Dave, admiring them both.
The broom man
August 24, 2005
For a dozen years I have jogged or walked up and down south 22nd Street, communing with rabbits, squirrels, dogs, and our mutual Maker. I usually see a few humans, too, jogging, walking, biking, sitting on porches, or working in their yards. One of these nodding acquaintances is “the broom man.” He lives on the corner of 22nd and Washington, and I often see him puttering about in his yard. He is probably about my age, pleasant, stocky, bandy-legged, sandy-haired, always willing to pause in his exertions and exchange a word or two.
Lately, I have found him vigorously wielding a cane kitchen broom, well out in the street in front of his house, sweeping away at I know not what. Whether wielding a broom in the street or a rake in the yard, I know exactly what comes next. He will hold the broom out toward me and say, “Here. You do this for a while.” I protest that I don’t want to deprive him of his exercise, give him a farewell wave, and continue on.
I really ought to stop long enough to get acquainted, but maybe we are both better off knowing each other only in passing mode. But, then again, . . . .
Dave, never sure about these things
Uncle Gus
August 22, 2005
Aurelius Augustinus died in 430 AD, but he is on my short list of heroes, sort of a spiritual favorite uncle. He was a philosopher and a great Christian bishop, perhaps best known for his The Confessions of Saint Augustine. This little classic tells the life story of a young man both blessed and tormented by a brilliant mind, grasping for spiritual certainty, yielding to the pleasures of a profligate life, until he finally abandoned the profession of Rhetoric and devoted his life to God. All the while, his godly mother Monica never ceased to pray that her son would come to faith in God.
There’s something in Augustine’s pilgrimage for everyone, especially those of us who seek a rational basis for faith in God.
As Augustine’s faith matured, he started taking on skeptics who were asking questions like, “What did God do before He created the heaven and the earth?” Whether his arguments are still persuasive in these days of scientists vs. creationists is really beside the point.

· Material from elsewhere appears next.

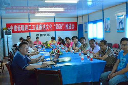6月11,五建项目部召开廉洁文化“四进”推进会,各单位党支部书记争相学习廉洁文化示范点实施过程的资料,同时观看讨论了2013年五建云鼎大观项目的廉洁文化示范点的工作过程和工作特点,相互交流,总结经验,共同推进。
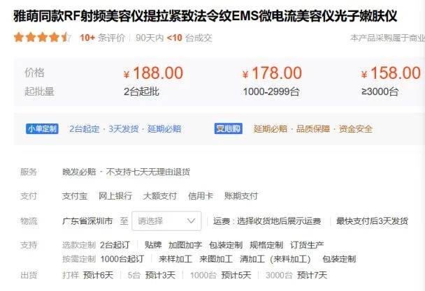 企查查数据显示,我国现存8.4万家美容仪相关企业,超一半企业成立于近3年。而这其中,不乏提供贴牌代工服务的厂商。锌刻度此前就曾调查发现,不少厂商提供的美容仪商品目录和报价都显示,代工贴牌的价格可以低至100元-300元。

I think that every generation must wrestle with the idea of linear history for themselves, since it is ultimately a matter of faith, but we also can benefit greatly from the struggles of those who have gone before us.
Fr. Harold Gardiner nailed it in his introduction to a 1957 edition of The Confessions when he said, “He speaks to the atomic age as mightily and sweetly as he spoke to the age of dying Roman imperialism because ‘heart speaketh to heart,’ and if ever there was a great heart to speak, it was his, and if ever there are small and frightened hearts who need his words, they are ours.”
Dave, in debt to “Uncle Gus.”
Pascal’s wager
August 21, 2005
Most of us have very few completely original thoughts. We “stand on the shoulders of the giants” who went before us and do our best to extrapolate (an excellent example of an unoriginal thought itself).
One of my “giants” is Blaise Pascal. One of these days I’ll talk a little about his remarkable life, but here I want to recall Pascal’s Wager, partly because I have trouble remembering it. Here it is:
If God does not exist, one will lose nothing by believing in him, while if he does exist, one will lose everything by not believing.
Pascal’s logical conclusion was that …we are compelled to gamble…
A good Sunday thought-starter, eh?
A bit of Pascal trivia: Shortly after Pascal had proven to his own satisfaction that a vacuum existed, Descartes wrote, rather cruelly, …has too much vacuum in his head.
Dave, continually battling the vacuum in his head.